Presque au croisement du deuxième degré de longitude ouest et du seizième degré de latitude nord, c’est-à-dire un peu en aval du point le plus septentrional atteint par le Niger, la ville de Gao-Gao s’élève sur la rive gauche de ce fleuve qui, dans cette partie de son cours, marque la limite sud-ouest du Sahara. Au-delà commence le Grand-Désert, qui se continue, dans le Nord, jusqu’au Maroc, l’Algérie et la Tripolitaine, dans l’Est, jusqu’à l’Égypte et la Nubie, dans le Sud, jusqu’aux possessions européennes de l’Afrique centrale, dans l’Ouest jusqu’à l’océan. Les oasis les plus voisines de Gao-Gao, l’Adrar, au nord, l’Aïr, à l’est, en sont encore séparées, la première par quatre cents, la seconde par neuf cents kilomètres de sable. Sur les cartes de géographie les plus exactes et les plus récentes, cette immense étendue de trois cent soixante mille kilomètres carrés n’est représentée que par un espace entièrement vierge. À l’époque où la mission commandée par le député Barsac subissait les épreuves qui ont été relatées dans la première partie de ce récit, personne ne l’avait traversée, personne n’y avait pénétré. Elle était complètement inconnue.

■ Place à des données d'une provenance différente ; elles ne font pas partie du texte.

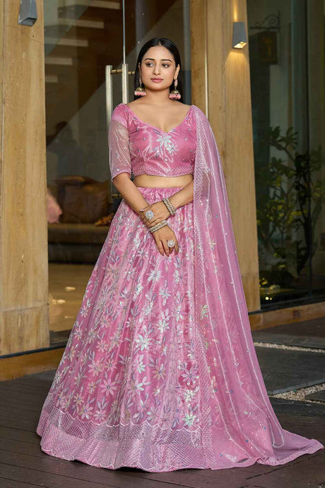 Pink Soft Net Embroidered Lehenga Choli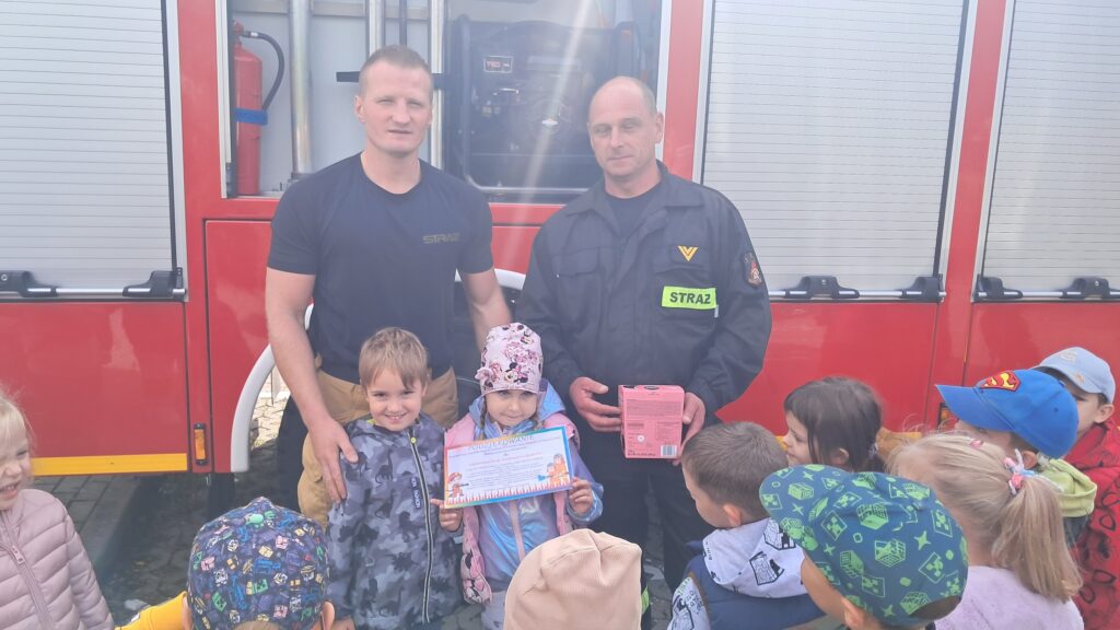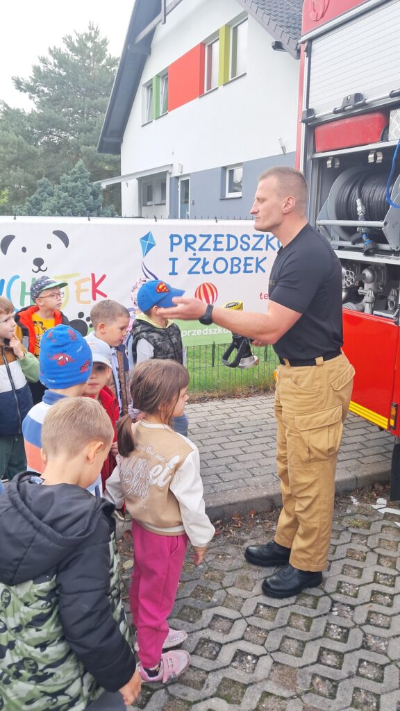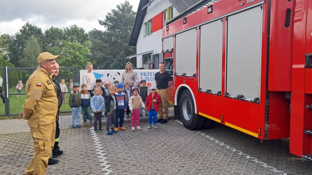 W piątek 17 września przedszkolaki z Niepublicznego Przedszkola „Puchatek” na Osiedlu Helenów gościły strażaków, którzy w ciekawy i przystępny sposób opowiadali o swojej pracy oraz pokazali wyposażenie wozu strażackiego. Dzieci miały okazję zajrzeć do kabiny, obejrzeć węże, hełmy i elementy aparatu oddechowego oraz dowiedzieć się, jak wygląda codzienna służba ratowników.

À cette époque, les plus étranges légendes couraient sur cette région inexplorée parmi les riverains du Niger. Parfois, racontaient les indigènes, on voyait passer, s’enfuyant à tire-d’aile vers ces plaines arides ou en arrivant, d’immenses oiseaux noirs aux yeux de feu. D’autres fois, à les entendre, c’était une horde de grands diables rouges, montés sur des chevaux fougueux dont les naseaux jetaient des flammes, qui sortaient tout à coup de la contrée mystérieuse. Ces cavaliers fantastiques traversaient les bourgades au galop, tuant, massacrant ceux qui se trouvaient sur leur passage, puis repartaient dans le désert, emportant en travers de leurs selles des hommes, des femmes, des enfants, qui ne revenaient jamais.